- Work required -
Go through the listing beneath this task and return every line that carries the string "from".

- Provided records -
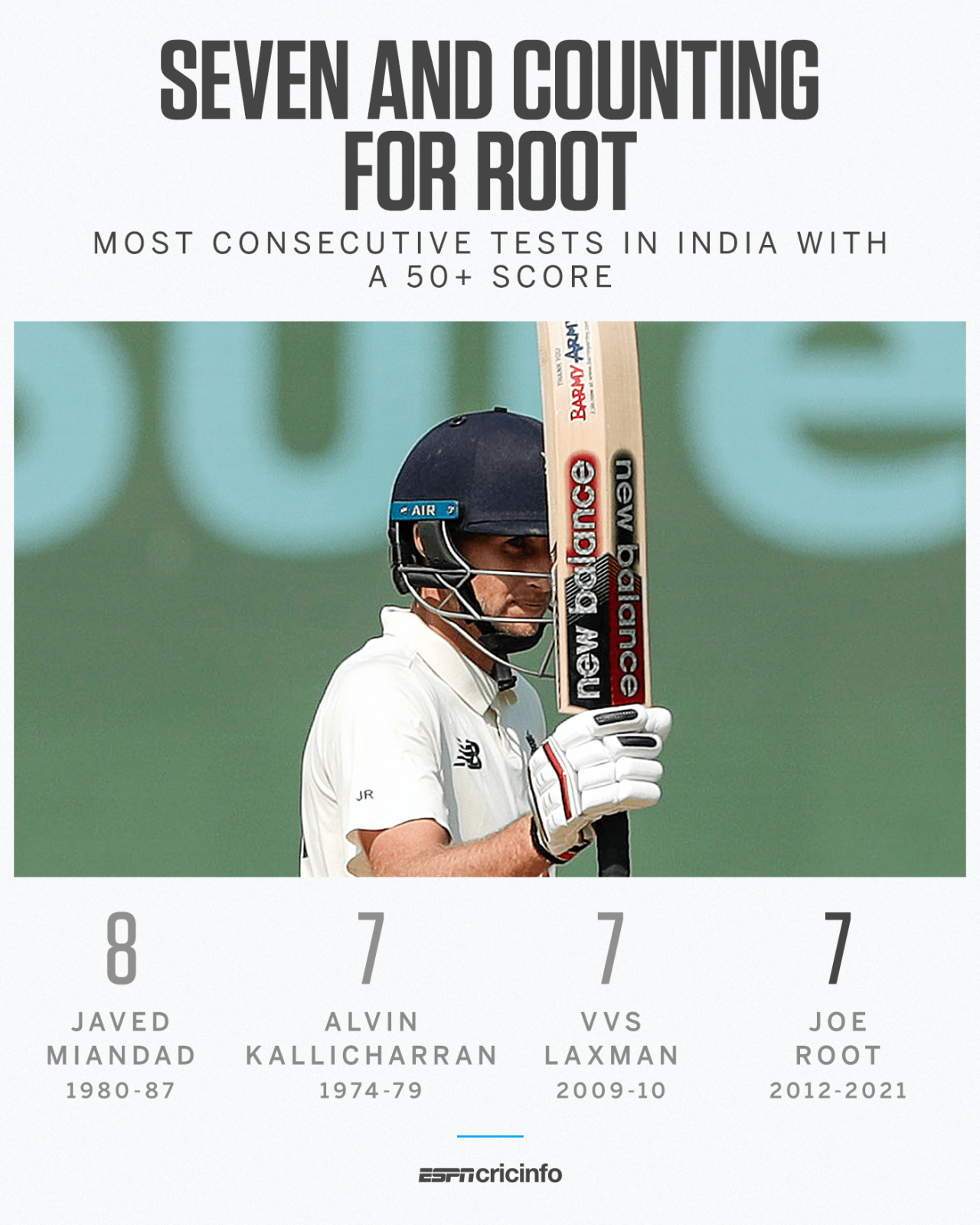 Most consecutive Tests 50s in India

==

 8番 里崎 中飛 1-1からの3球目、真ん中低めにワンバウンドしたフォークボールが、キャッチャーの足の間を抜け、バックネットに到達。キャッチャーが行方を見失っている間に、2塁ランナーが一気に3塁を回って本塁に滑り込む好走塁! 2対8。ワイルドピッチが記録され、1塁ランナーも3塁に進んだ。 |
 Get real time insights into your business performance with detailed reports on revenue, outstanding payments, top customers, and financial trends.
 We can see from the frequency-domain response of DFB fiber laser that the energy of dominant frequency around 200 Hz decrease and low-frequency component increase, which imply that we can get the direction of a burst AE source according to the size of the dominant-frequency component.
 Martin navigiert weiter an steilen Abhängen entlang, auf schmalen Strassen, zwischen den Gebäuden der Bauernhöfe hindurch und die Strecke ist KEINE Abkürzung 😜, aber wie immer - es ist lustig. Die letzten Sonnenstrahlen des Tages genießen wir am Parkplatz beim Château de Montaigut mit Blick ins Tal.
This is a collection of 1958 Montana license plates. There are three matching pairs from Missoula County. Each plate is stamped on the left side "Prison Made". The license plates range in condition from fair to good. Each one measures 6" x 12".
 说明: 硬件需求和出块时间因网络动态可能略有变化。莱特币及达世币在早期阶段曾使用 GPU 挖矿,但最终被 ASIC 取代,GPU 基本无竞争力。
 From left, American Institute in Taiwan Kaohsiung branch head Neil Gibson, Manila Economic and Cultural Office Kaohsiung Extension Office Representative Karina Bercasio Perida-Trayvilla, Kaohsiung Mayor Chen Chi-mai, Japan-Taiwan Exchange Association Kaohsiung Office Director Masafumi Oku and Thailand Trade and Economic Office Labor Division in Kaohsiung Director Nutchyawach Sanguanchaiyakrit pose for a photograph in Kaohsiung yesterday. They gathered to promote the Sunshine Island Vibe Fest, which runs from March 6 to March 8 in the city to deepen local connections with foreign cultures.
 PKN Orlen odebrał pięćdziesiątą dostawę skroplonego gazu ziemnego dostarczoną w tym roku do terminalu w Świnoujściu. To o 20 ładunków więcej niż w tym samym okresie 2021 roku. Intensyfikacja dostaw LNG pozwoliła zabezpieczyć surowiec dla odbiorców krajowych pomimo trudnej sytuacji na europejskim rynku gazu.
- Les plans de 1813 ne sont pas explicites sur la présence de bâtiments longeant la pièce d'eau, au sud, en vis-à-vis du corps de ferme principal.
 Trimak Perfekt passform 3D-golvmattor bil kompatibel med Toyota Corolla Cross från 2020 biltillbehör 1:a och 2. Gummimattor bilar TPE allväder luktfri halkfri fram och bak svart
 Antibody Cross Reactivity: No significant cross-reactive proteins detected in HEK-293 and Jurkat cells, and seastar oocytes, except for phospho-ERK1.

- Response to the task -
 We can see from the frequency-domain response of DFB fiber laser that the energy of dominant frequency around 200 Hz decrease and low-frequency component increase, which imply that we can get the direction of a burst AE source according to the size of the dominant-frequency component.
This is a collection of 1958 Montana license plates. There are three matching pairs from Missoula County. Each plate is stamped on the left side "Prison Made". The license plates range in condition from fair to good. Each one measures 6" x 12".
 From left, American Institute in Taiwan Kaohsiung branch head Neil Gibson, Manila Economic and Cultural Office Kaohsiung Extension Office Representative Karina Bercasio Perida-Trayvilla, Kaohsiung Mayor Chen Chi-mai, Japan-Taiwan Exchange Association Kaohsiung Office Director Masafumi Oku and Thailand Trade and Economic Office Labor Division in Kaohsiung Director Nutchyawach Sanguanchaiyakrit pose for a photograph in Kaohsiung yesterday. They gathered to promote the Sunshine Island Vibe Fest, which runs from March 6 to March 8 in the city to deepen local connections with foreign cultures.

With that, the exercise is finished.